What is being asked -
When you spot the word "pour" in a line of the data below, copy that line.

Input data -
════════

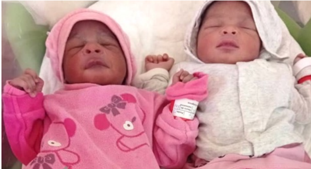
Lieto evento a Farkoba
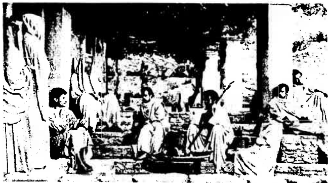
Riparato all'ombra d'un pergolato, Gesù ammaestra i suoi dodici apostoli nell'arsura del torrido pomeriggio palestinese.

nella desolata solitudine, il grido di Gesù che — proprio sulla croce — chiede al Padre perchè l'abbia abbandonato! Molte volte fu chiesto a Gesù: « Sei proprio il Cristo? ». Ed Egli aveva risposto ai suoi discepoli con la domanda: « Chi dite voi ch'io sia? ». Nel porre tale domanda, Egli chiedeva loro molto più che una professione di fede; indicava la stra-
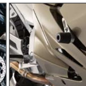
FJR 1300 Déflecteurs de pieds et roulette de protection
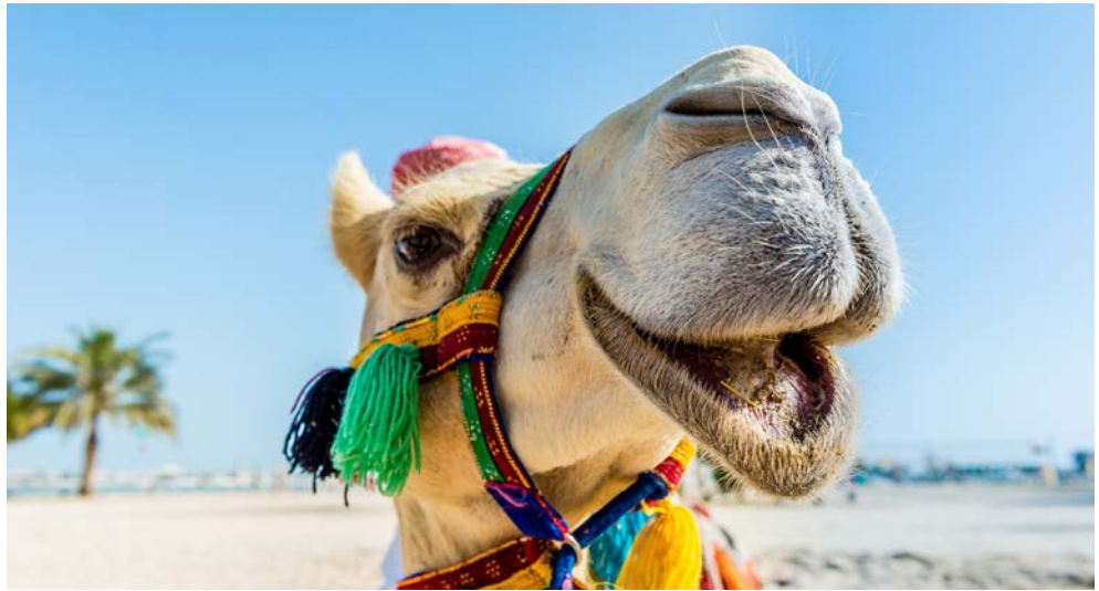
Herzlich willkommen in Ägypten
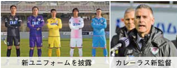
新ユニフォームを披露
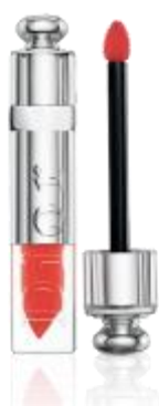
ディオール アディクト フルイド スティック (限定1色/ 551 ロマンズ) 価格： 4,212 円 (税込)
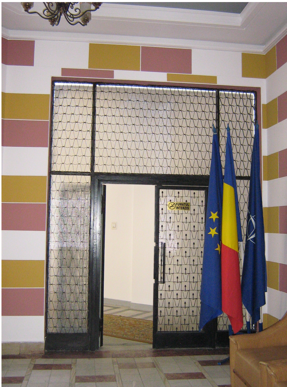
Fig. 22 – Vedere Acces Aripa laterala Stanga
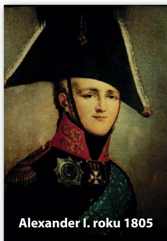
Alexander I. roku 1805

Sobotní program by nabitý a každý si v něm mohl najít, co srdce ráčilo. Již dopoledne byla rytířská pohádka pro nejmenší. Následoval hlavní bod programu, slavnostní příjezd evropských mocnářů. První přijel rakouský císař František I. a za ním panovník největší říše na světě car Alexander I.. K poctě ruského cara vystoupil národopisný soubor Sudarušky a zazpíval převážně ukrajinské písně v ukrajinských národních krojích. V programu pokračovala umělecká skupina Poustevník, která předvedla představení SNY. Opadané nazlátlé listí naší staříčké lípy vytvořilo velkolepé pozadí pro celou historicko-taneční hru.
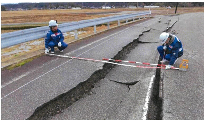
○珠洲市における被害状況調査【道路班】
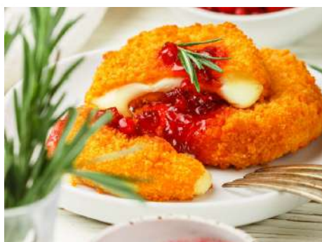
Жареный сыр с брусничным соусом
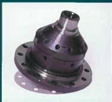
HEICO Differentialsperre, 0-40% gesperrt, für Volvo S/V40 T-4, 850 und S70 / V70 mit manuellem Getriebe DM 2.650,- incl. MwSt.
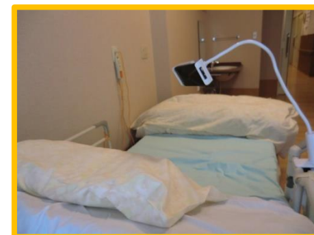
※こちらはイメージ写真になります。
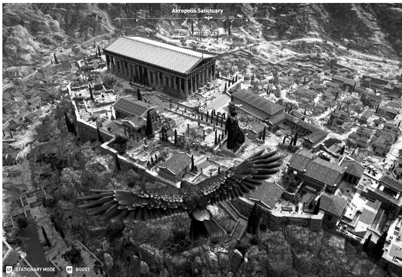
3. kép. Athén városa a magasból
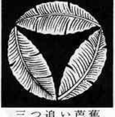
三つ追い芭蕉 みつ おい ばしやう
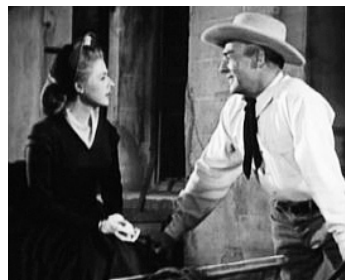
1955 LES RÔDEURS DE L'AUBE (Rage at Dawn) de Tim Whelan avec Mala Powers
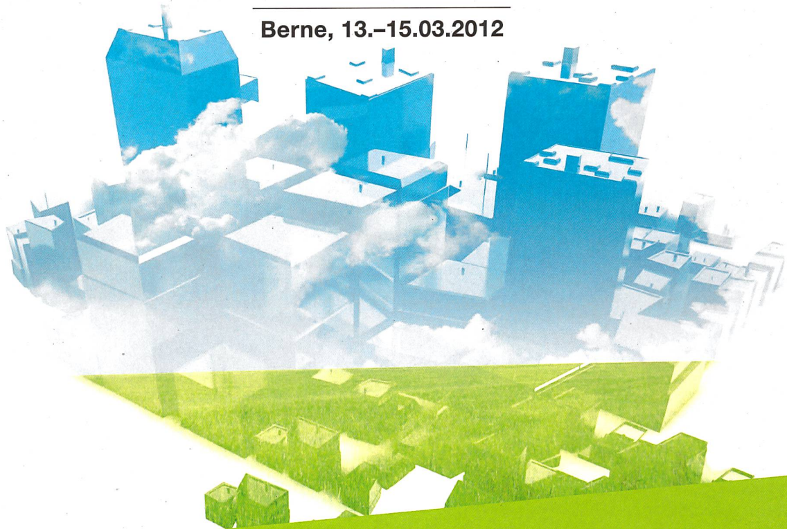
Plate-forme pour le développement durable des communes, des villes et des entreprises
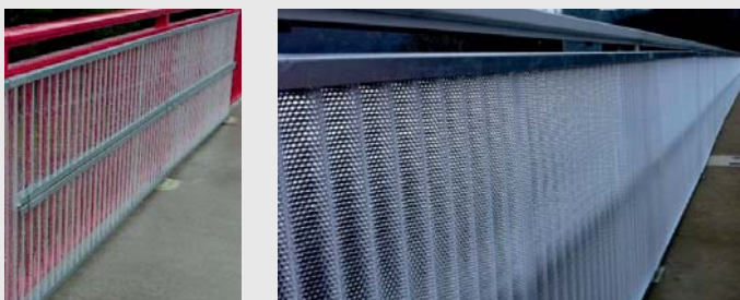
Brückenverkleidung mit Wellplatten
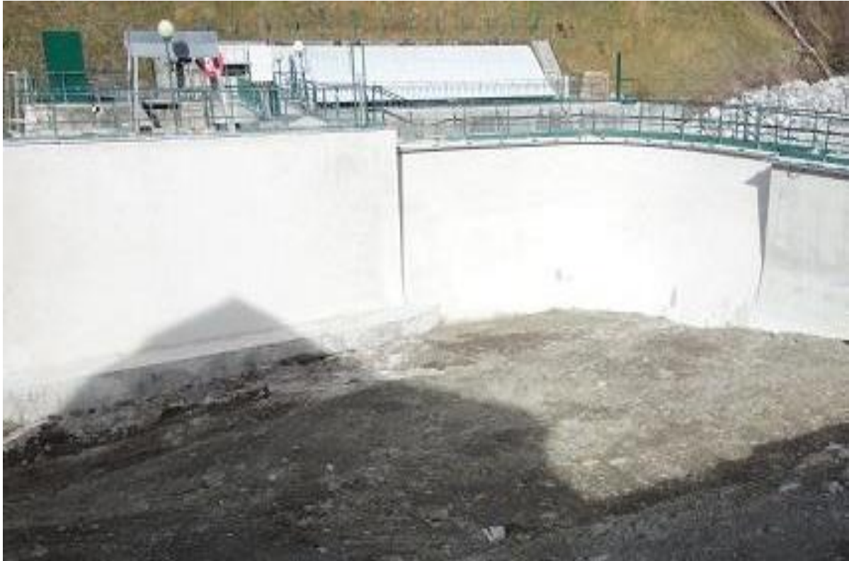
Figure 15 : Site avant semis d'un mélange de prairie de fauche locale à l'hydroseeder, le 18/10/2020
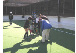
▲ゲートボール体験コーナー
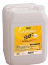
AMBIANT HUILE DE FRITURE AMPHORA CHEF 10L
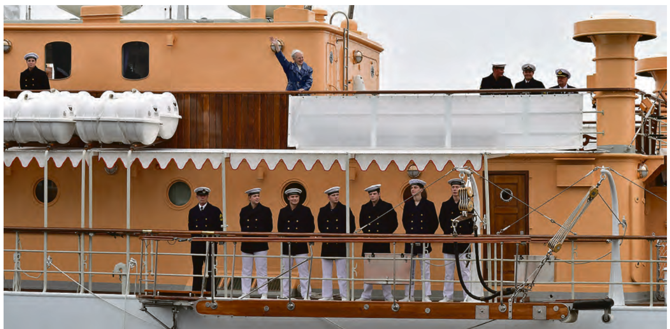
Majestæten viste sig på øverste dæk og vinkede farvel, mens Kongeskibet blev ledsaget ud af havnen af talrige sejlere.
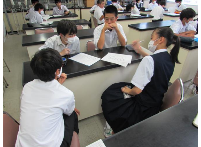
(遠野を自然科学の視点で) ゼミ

════════

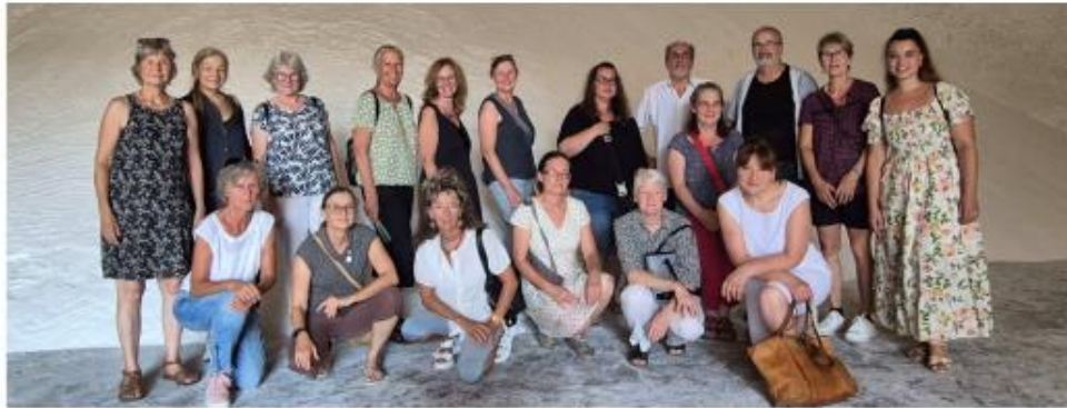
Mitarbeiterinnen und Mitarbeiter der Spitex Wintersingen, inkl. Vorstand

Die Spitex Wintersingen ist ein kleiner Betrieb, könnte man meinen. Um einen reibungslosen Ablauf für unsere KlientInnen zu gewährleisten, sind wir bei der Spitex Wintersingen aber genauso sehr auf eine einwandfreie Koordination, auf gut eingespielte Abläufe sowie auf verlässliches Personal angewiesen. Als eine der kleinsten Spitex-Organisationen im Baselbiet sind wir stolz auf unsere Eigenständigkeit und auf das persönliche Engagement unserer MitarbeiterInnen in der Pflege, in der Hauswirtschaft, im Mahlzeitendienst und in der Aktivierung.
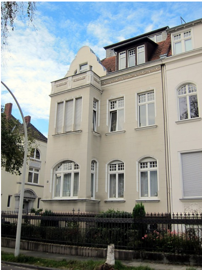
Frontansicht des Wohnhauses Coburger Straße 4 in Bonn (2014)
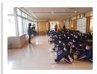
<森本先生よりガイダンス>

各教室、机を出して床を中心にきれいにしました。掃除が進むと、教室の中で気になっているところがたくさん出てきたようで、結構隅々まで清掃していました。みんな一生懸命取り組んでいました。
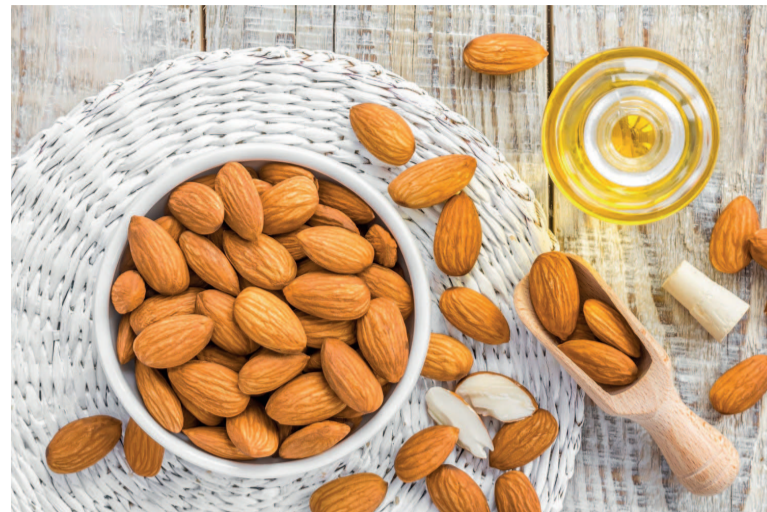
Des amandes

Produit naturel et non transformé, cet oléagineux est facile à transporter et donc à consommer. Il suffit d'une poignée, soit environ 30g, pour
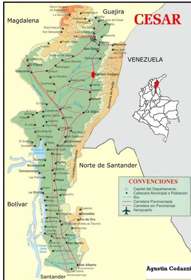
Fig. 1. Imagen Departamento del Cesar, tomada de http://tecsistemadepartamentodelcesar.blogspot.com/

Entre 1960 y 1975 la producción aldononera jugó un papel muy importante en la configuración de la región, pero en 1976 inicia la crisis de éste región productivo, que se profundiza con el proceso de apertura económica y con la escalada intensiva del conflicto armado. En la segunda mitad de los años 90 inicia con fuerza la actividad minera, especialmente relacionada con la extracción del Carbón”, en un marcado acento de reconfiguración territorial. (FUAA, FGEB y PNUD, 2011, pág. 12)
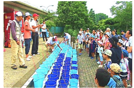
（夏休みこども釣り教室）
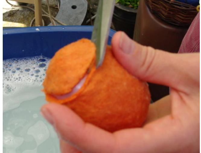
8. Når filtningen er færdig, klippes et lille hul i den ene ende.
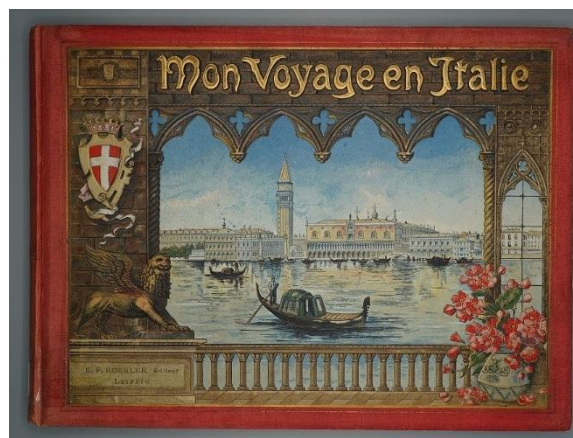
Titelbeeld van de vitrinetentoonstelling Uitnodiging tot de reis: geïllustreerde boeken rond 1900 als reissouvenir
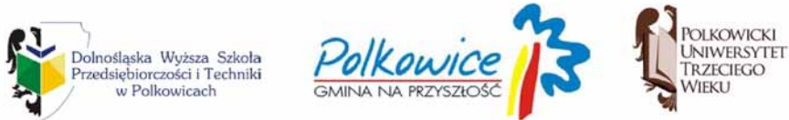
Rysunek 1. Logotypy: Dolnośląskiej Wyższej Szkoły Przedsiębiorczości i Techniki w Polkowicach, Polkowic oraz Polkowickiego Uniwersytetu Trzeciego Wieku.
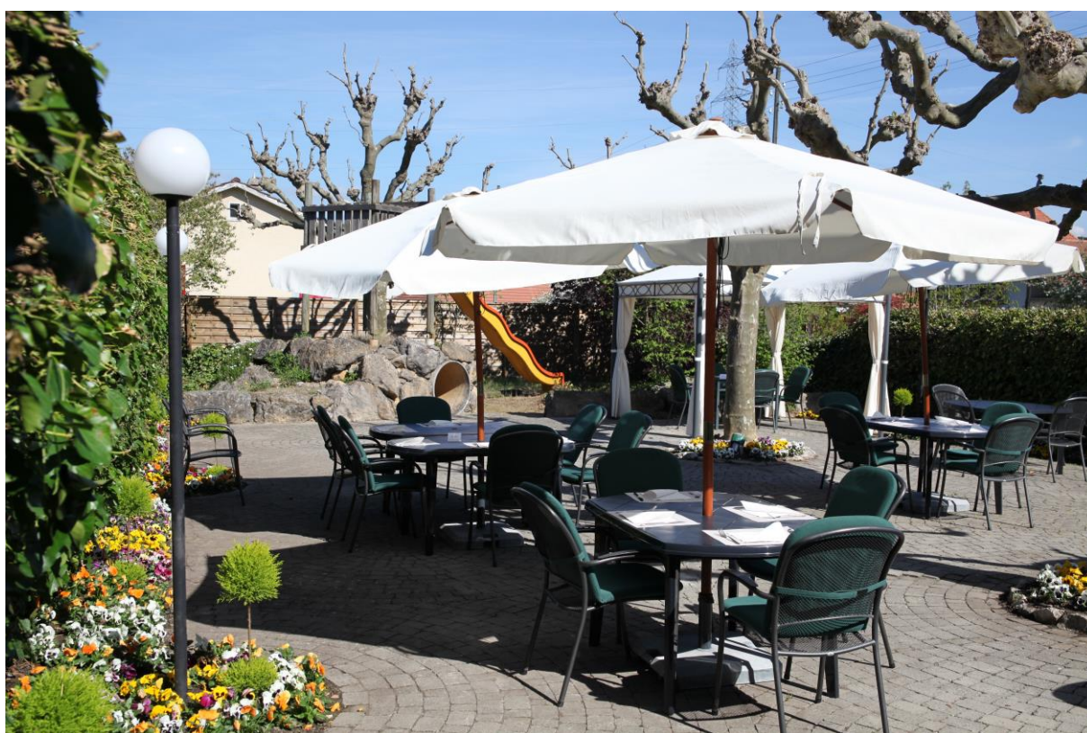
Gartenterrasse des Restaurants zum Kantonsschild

════════

Reply to the exercise -
Plate-forme pour le développement durable des communes, des villes et des entreprises
Produit naturel et non transformé, cet oléagineux est facile à transporter et donc à consommer. Il suffit d'une poignée, soit environ 30g, pour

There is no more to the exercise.